SaKou
SaKou

Reputation: 259

Why Receive Actor method in akka behaves like a val?

I am wondering why the receive method of akka Actor in this code behaves like a val ?

import akka.actor.{ ActorRef, ActorSystem, Props, Actor }
import scala.concurrent.duration._


// Define Actor Messages
case class WhoToGreet(who: String)


// Define Greeter Actor
class Greeter extends Actor {
  def receive = {
    println("in receive")
    receiveHandler
  }


  def receiveHandler: Receive = {
    case WhoToGreet(who) => println(s"Hello $who")
  }
}

object HelloAkkaScala extends App {

  // Create the 'hello akka' actor system
  val system = ActorSystem("Hello-Akka")

  // Create the 'greeter' actor
  val greeter = system.actorOf(Props[Greeter], "greeter")

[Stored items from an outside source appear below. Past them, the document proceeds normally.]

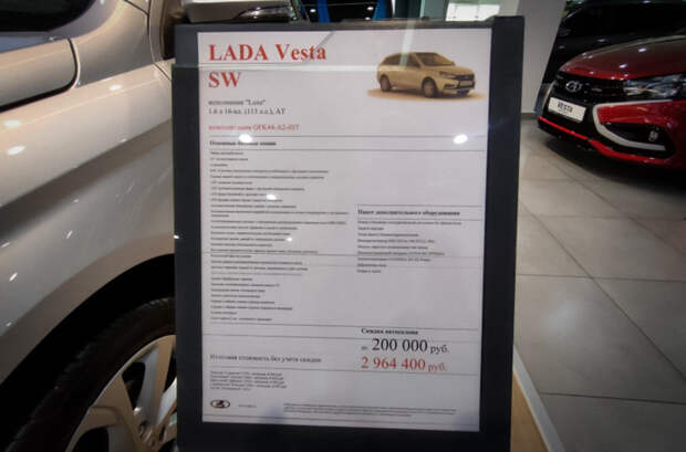 Это стоимость без учета скидки автосалона, которая может достигать 200 тысяч рублей. Во столько продавец оценил универсал Lada Vesta SW в комплектации Luxe, с 1,6-литровым мотором мощностью 113 лошадиных сил и вариатором. Причем это не самая дорогая версия – вместо планшета мультимедийной системы у нее обычный интегрированный экран.Ранее на онлайн-площадке Drom.ru модель в аналогичной комплектации и с тем же мотором продавали за 2,2-2,5 миллиона рублей.
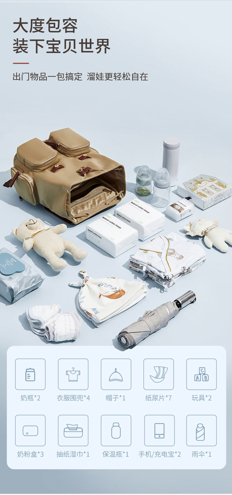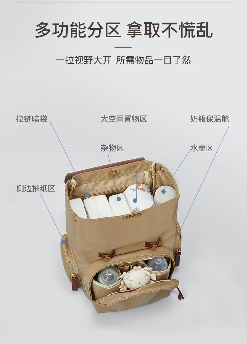 妈咪包多功能分区,拿取方便,ODM OEM定制;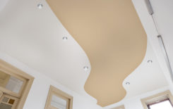 Двухцветные с успехом могут заменить конструкции из двух уровней. Они хорошо подходят для помещений с невысокими потолками. Цветовое разделение потолка выполняет функцию зонирования комнаты. Чтобы визуально удлинить помещение, используют цветные полосы, расположив их по продольной направляющей. Поперечные рисунки способны расширить пространство.
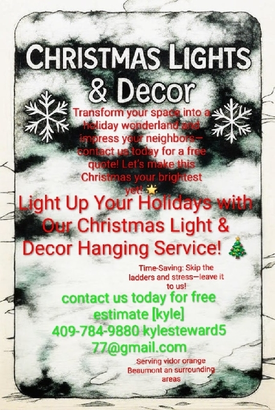 CHRISTMAS LIGHTS AND DECOR INSTALLATION WE are here to help light up your neighborhood with no hassle to you ,let us be your elves this Christmas holiday an deal with them ladders . We hang lights an all decor done at a professional standard .Free estimates we also come back an take down what we installed when your ready. Serving Vidor orange Beaumont an surrounding area. Vet an senior discounts pls ring a bell an we wheel fly over Estimate

  // Send WhoToGreet Message to actor
  greeter ! WhoToGreet("Akka")

  greeter ! WhoToGreet("Akka")

  greeter ! WhoToGreet("Akka")


  //shutdown actorsystem
  system.terminate()

}

The output:

in receive
Hello Akka
Hello Akka
Hello Akka

when it is supposed to be:

in receive
Hello Akka
in receive
Hello Akka
in receive
Hello Akka

while the receive is a def.

Any idea about this behavior, why the def here compute like a val ??

Upvotes: 3

Views: 252

Answers (1)

Viktor Klang
Viktor Klang

Reputation: 26579

receive returns a PartialFunction[Any, Unit], and that PartialFunction is seeded as the Actors behavior (can be changed with context.become/unbecome).

The reason for it to be perceived as a val is that the PartialFunction instance is reused until changed.